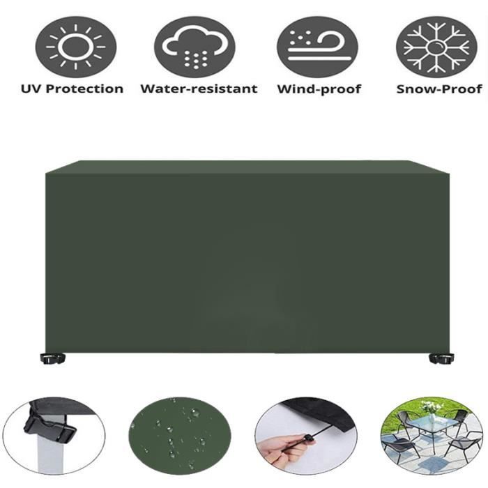 LSYALUCK Housse Salon de Jardin, Housse de Table Jardin Rectangulaire, Protection pour Tous Les Temps Housse de Table Extérieur Bâche Tissu 600D Oxford, pour Mobilier différentes Tailles 400x400x70cm Tous les problèmes peuvent être résolus avec des housses de meubles de patio extérieur. convient à la plupart des meubles, il existe de nombreuses tailles au choix(personnalisable). Facile à nettoyer, à arroser avec la smart et à sécher au soleil. Suffisamment grand pour couvrir tous les types de meubles de patio, tables, bancs, tables basses, chaises ou autres meubles rectangulaires. En tissu Oxford 600D ultra-résistant, elle protège vos meubles du soleil, de la pluie, du vent et même de la neige. Le tissu est noir/argent pour mieux... la couverture de table est plus imperméable et résistante aux UV. Si vous n'avez pas besoin d'utiliser cette housse de protection pour salon de jardin, vous pouvez la plier et la mettre dans le sac de rangement. qui est efficacement imperméable et protège des UV Protégez efficacement tous les types de meubles, Recommandez de mettre quelque chose au milieu de la table pour éviter l'accumulation d'eau au milieu. Veuillez choisir une housse plus grande que le meuble pour vous assurer que votre meuble est entièrement couvert et protégé housse salon de jardin Convient à la plupart des tables et des chaises. taille: (LxWxH) Une variété de tailles au choix! Forte performance imperméable à l'eau, a une longue durée de vie. La surface du tissu est recouverte d'un revêtement non hydrophile qui permet à la pluie/l'eau de s'écouler comme une goutte. 【RAPPEL CHALEUREUX】réduire l'accumulation d'eau de pluie sur le couvercle de protection peut prolonger efficacement la durée de vie du couvercle de protection. Convient à toutes les saisons, cette bache de protection salon de jardin peut protéger vos meubles toute l'année 【MATÉRIAU AMÉLIORÉ OXFORD VERSION 】Housse salon de jardin de fabriqué en tissu Oxford 600D robuste aux intempéries, La housse de meuble est constituée de matériaux hydrophobes à double couture et la couche intérieure est dotée d'un revêtement imperméable, capable de résister aux intempéries, à l'eau et aux déchirures. Portable, facile d'entretien. couverture de patio rectangulaire Équipé de 4 boucles durables et d'un cordon de serrage réglable, s'adapte mieux au meuble et évite d'être emporté. Housse Salon Jardin LSYALUCK 370x200x70cm/LxWxH Housses De Meubles De Jardin Bâche Table Jardin Imperméable Anti-UV 【BÂCHE TABLE JARDIN RÉSISTANT AU VENT】Les quatre coins de housse de meuble est avec 4 boucle Verrouillage en nylon, pouvez fixer le housse de protection aux pieds de la table. housse table de jardin, Les bords cousus à haute densité garantissent que le revêtement du meuble de la terrasse ne se fissure pas facilement, même par mauvais temps. MATÉRIAU AMÉLIORÉ OXFORD VERSION ]Housse salon de jardin de fabriqué en tissu Oxford 420D robuste aux intempéries, La housse de meuble est constituée de matériaux hydrophobes à double couture et la couche intérieure est dotée d'un revêtement imperméable, capable de résister aux intempéries, à l'eau et aux déchirures Et il y a une boutons réglables de corde et une Fastening Tape sur la housse de table, donc risque pas de s'envoler.
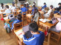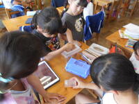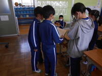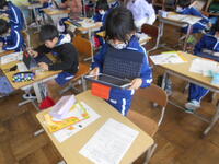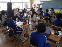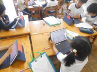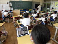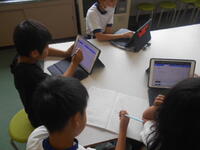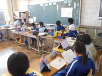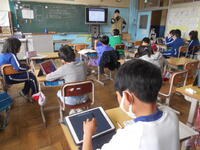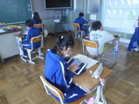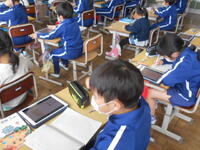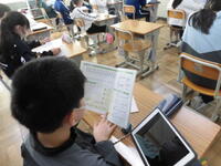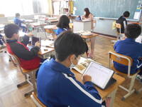 6年総合、ほかの人がタブレットでまとめた観光地のレポートを読んでいます。
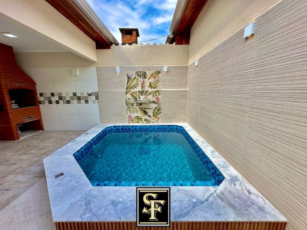 Casa geminada, possui 2 dormitórios sendo 1 suíte, sala, cozinha, banheiro social, área de serviço, área de churrasqueira, piscina, wc externo e 2 vagas de garagem. Imóvel em excelente estado de conservação e localizado a 200 metros da praia. Proprietário aceita financiamento bancário e estuda proposta a vista.
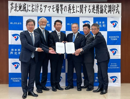 鹿島 鹿島(社長:天野裕正)は、芦北町(町長:竹崎一成)、芦北町漁業協同組合(代表理事組合長:山元光晴)、熊本県立芦北高等学校(校長:草野貴光)、株式会社肥後銀行(頭取:笠原慶久)および公益財団法人肥後の水とみどりの愛護基金(理事長:甲斐隆博)と、「芦北地域におけるアマモ場をはじめとする藻場(以下、「アマモ場等」)の再生に関する連携協定」を締結しました。
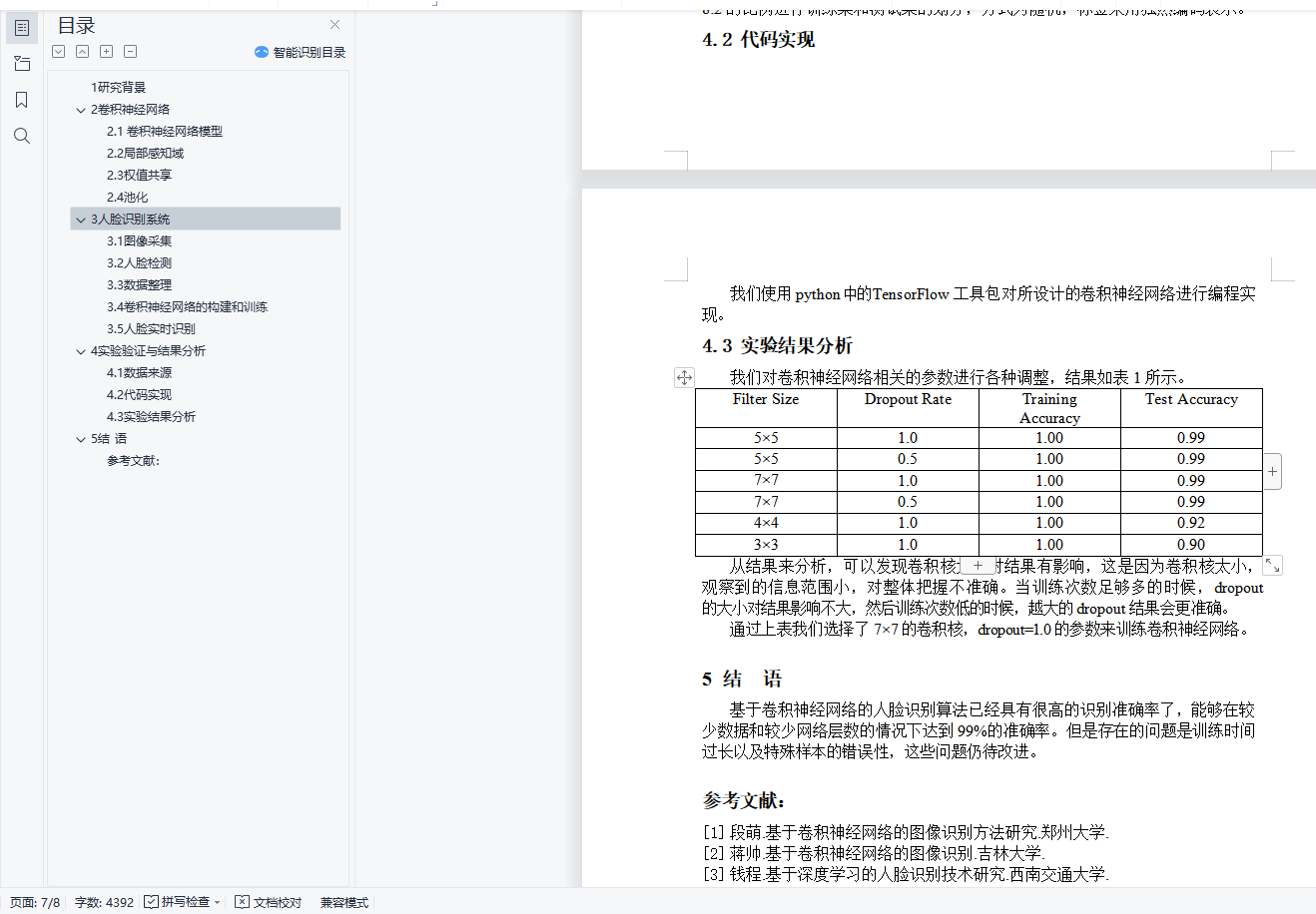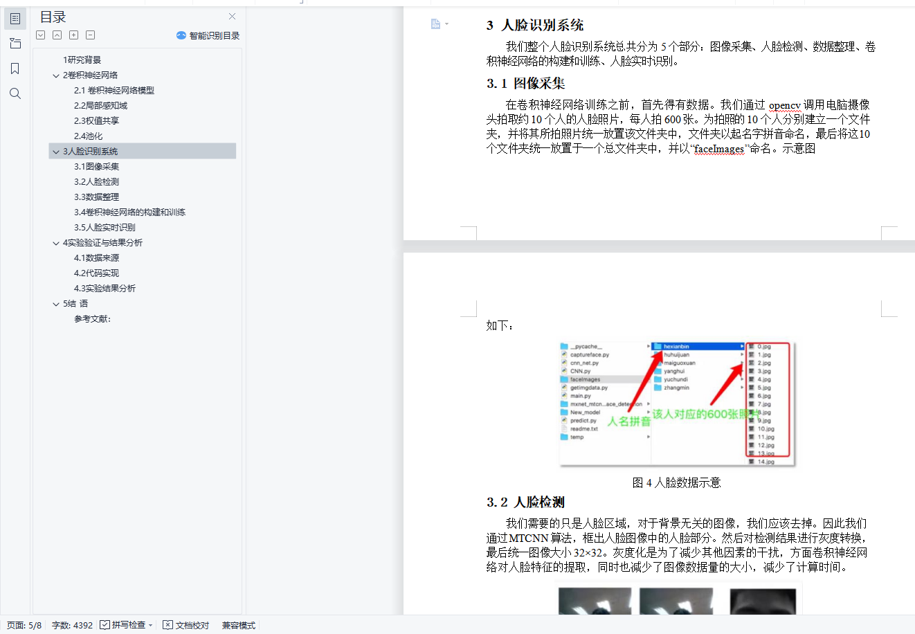 基于卷积神经网络的人脸识别摘 要:随着计算机科技与应用的发展,人脸识别作为一种常用的图像识别技术越来越受到关注。卷积神经网络的出现,大大提高了计算机对图像内容的分析和判断能力。通过结合卷积神经网络和人脸识别,形成一套以卷积神经网络为核心的人脸识别系统。关键词:人脸识别;图像识别;卷积神经网络目录1 研究背景 12 卷积神经网络 32.1 卷积神经网络模型 32.2 局部感知域 42.3 权值共享 42.4 池化 53 人脸识别系统 63.1 图像采集 63.2 人脸检测 73.3 数据整理 73.4 卷积神经网络的构建和训练 83.5 人脸实时识别 84 实验验证与结果分析 84.1 数据来源 84.2 代码实现 84.3 实验结果分析 95 结 语 9参考文献: 91研究背景随着计算机视觉的相关理论与应用研究的快速发展,计算机视觉技术在日常生活中应用的优越性也日益突显出来。用计算机对图像进行识别是计算机从相关的视频或图像序列中提取出相应的特征,从而让计算机“理解”图像的内容,并能正确分类的技术。安防意识的提升也让人们对于公共以及个人的安全需求不断攀升,使得计算机视觉在人脸识别、人脸检测等方面有了很高的应用价值。
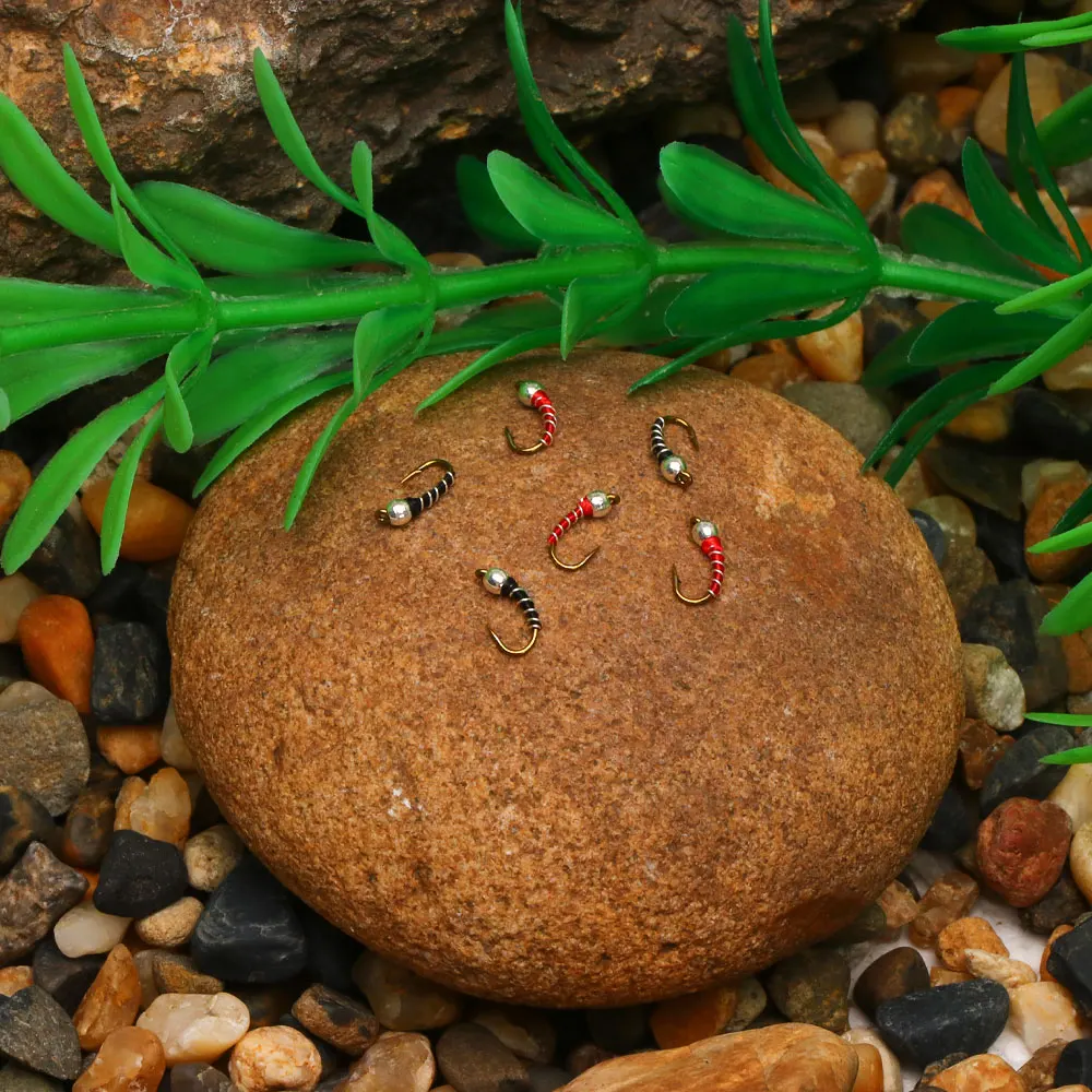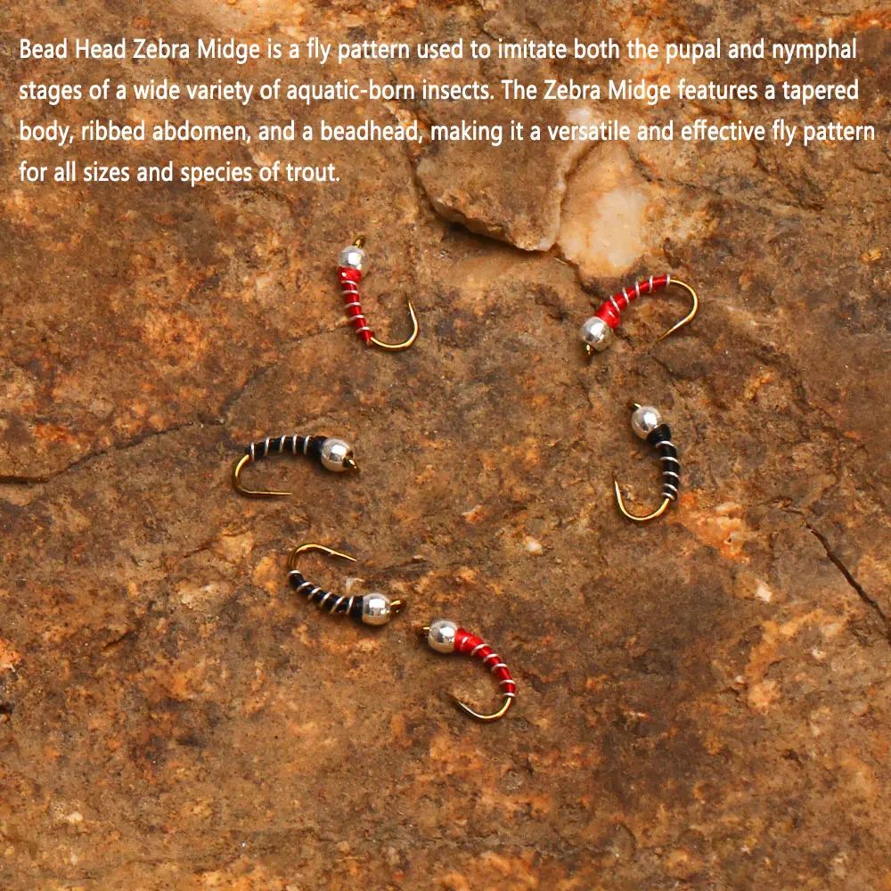 Bead Head Zebra Midge es un patrón de mosca que se utiliza para imitar tanto las etapas pupital como la ninfa de una amplia variedad de insectos recién nacidos acuáticos.El Zebra Midge presenta un cuerpo cónico, abdomen acanalado y una cabeza de cuentas, lo que lo convierte en un patrón de mosca versátil y eficaz para todos los tamaños y tipos de truchas.

== What you are asked to do ==
Return all records exactly; no pictures.

== Answer for this exercise ==
 LSYALUCK Housse Salon de Jardin, Housse de Table Jardin Rectangulaire, Protection pour Tous Les Temps Housse de Table Extérieur Bâche Tissu 600D Oxford, pour Mobilier différentes Tailles 400x400x70cm Tous les problèmes peuvent être résolus avec des housses de meubles de patio extérieur. convient à la plupart des meubles, il existe de nombreuses tailles au choix(personnalisable). Facile à nettoyer, à arroser avec la smart et à sécher au soleil. Suffisamment grand pour couvrir tous les types de meubles de patio, tables, bancs, tables basses, chaises ou autres meubles rectangulaires. En tissu Oxford 600D ultra-résistant, elle protège vos meubles du soleil, de la pluie, du vent et même de la neige. Le tissu est noir/argent pour mieux... la couverture de table est plus imperméable et résistante aux UV. Si vous n'avez pas besoin d'utiliser cette housse de protection pour salon de jardin, vous pouvez la plier et la mettre dans le sac de rangement. qui est efficacement imperméable et protège des UV Protégez efficacement tous les types de meubles, Recommandez de mettre quelque chose au milieu de la table pour éviter l'accumulation d'eau au milieu. Veuillez choisir une housse plus grande que le meuble pour vous assurer que votre meuble est entièrement couvert et protégé housse salon de jardin Convient à la plupart des tables et des chaises. taille: (LxWxH) Une variété de tailles au choix! Forte performance imperméable à l'eau, a une longue durée de vie. La surface du tissu est recouverte d'un revêtement non hydrophile qui permet à la pluie/l'eau de s'écouler comme une goutte. 【RAPPEL CHALEUREUX】réduire l'accumulation d'eau de pluie sur le couvercle de protection peut prolonger efficacement la durée de vie du couvercle de protection. Convient à toutes les saisons, cette bache de protection salon de jardin peut protéger vos meubles toute l'année 【MATÉRIAU AMÉLIORÉ OXFORD VERSION 】Housse salon de jardin de fabriqué en tissu Oxford 600D robuste aux intempéries, La housse de meuble est constituée de matériaux hydrophobes à double couture et la couche intérieure est dotée d'un revêtement imperméable, capable de résister aux intempéries, à l'eau et aux déchirures. Portable, facile d'entretien. couverture de patio rectangulaire Équipé de 4 boucles durables et d'un cordon de serrage réglable, s'adapte mieux au meuble et évite d'être emporté. Housse Salon Jardin LSYALUCK 370x200x70cm/LxWxH Housses De Meubles De Jardin Bâche Table Jardin Imperméable Anti-UV 【BÂCHE TABLE JARDIN RÉSISTANT AU VENT】Les quatre coins de housse de meuble est avec 4 boucle Verrouillage en nylon, pouvez fixer le housse de protection aux pieds de la table. housse table de jardin, Les bords cousus à haute densité garantissent que le revêtement du meuble de la terrasse ne se fissure pas facilement, même par mauvais temps. MATÉRIAU AMÉLIORÉ OXFORD VERSION ]Housse salon de jardin de fabriqué en tissu Oxford 420D robuste aux intempéries, La housse de meuble est constituée de matériaux hydrophobes à double couture et la couche intérieure est dotée d'un revêtement imperméable, capable de résister aux intempéries, à l'eau et aux déchirures Et il y a une boutons réglables de corde et une Fastening Tape sur la housse de table, donc risque pas de s'envoler.
 6年総合、ほかの人がタブレットでまとめた観光地のレポートを読んでいます。
 Casa geminada, possui 2 dormitórios sendo 1 suíte, sala, cozinha, banheiro social, área de serviço, área de churrasqueira, piscina, wc externo e 2 vagas de garagem. Imóvel em excelente estado de conservação e localizado a 200 metros da praia. Proprietário aceita financiamento bancário e estuda proposta a vista.
 鹿島 鹿島(社長:天野裕正)は、芦北町(町長:竹崎一成)、芦北町漁業協同組合(代表理事組合長:山元光晴)、熊本県立芦北高等学校(校長:草野貴光)、株式会社肥後銀行(頭取:笠原慶久)および公益財団法人肥後の水とみどりの愛護基金(理事長:甲斐隆博)と、「芦北地域におけるアマモ場をはじめとする藻場(以下、「アマモ場等」)の再生に関する連携協定」を締結しました。
 基于卷积神经网络的人脸识别摘 要:随着计算机科技与应用的发展,人脸识别作为一种常用的图像识别技术越来越受到关注。卷积神经网络的出现,大大提高了计算机对图像内容的分析和判断能力。通过结合卷积神经网络和人脸识别,形成一套以卷积神经网络为核心的人脸识别系统。关键词:人脸识别;图像识别;卷积神经网络目录1 研究背景 12 卷积神经网络 32.1 卷积神经网络模型 32.2 局部感知域 42.3 权值共享 42.4 池化 53 人脸识别系统 63.1 图像采集 63.2 人脸检测 73.3 数据整理 73.4 卷积神经网络的构建和训练 83.5 人脸实时识别 84 实验验证与结果分析 84.1 数据来源 84.2 代码实现 84.3 实验结果分析 95 结 语 9参考文献: 91研究背景随着计算机视觉的相关理论与应用研究的快速发展,计算机视觉技术在日常生活中应用的优越性也日益突显出来。用计算机对图像进行识别是计算机从相关的视频或图像序列中提取出相应的特征,从而让计算机“理解”图像的内容,并能正确分类的技术。安防意识的提升也让人们对于公共以及个人的安全需求不断攀升,使得计算机视觉在人脸识别、人脸检测等方面有了很高的应用价值。
 Bead Head Zebra Midge es un patrón de mosca que se utiliza para imitar tanto las etapas pupital como la ninfa de una amplia variedad de insectos recién nacidos acuáticos.El Zebra Midge presenta un cuerpo cónico, abdomen acanalado y una cabeza de cuentas, lo que lo convierte en un patrón de mosca versátil y eficaz para todos los tamaños y tipos de truchas.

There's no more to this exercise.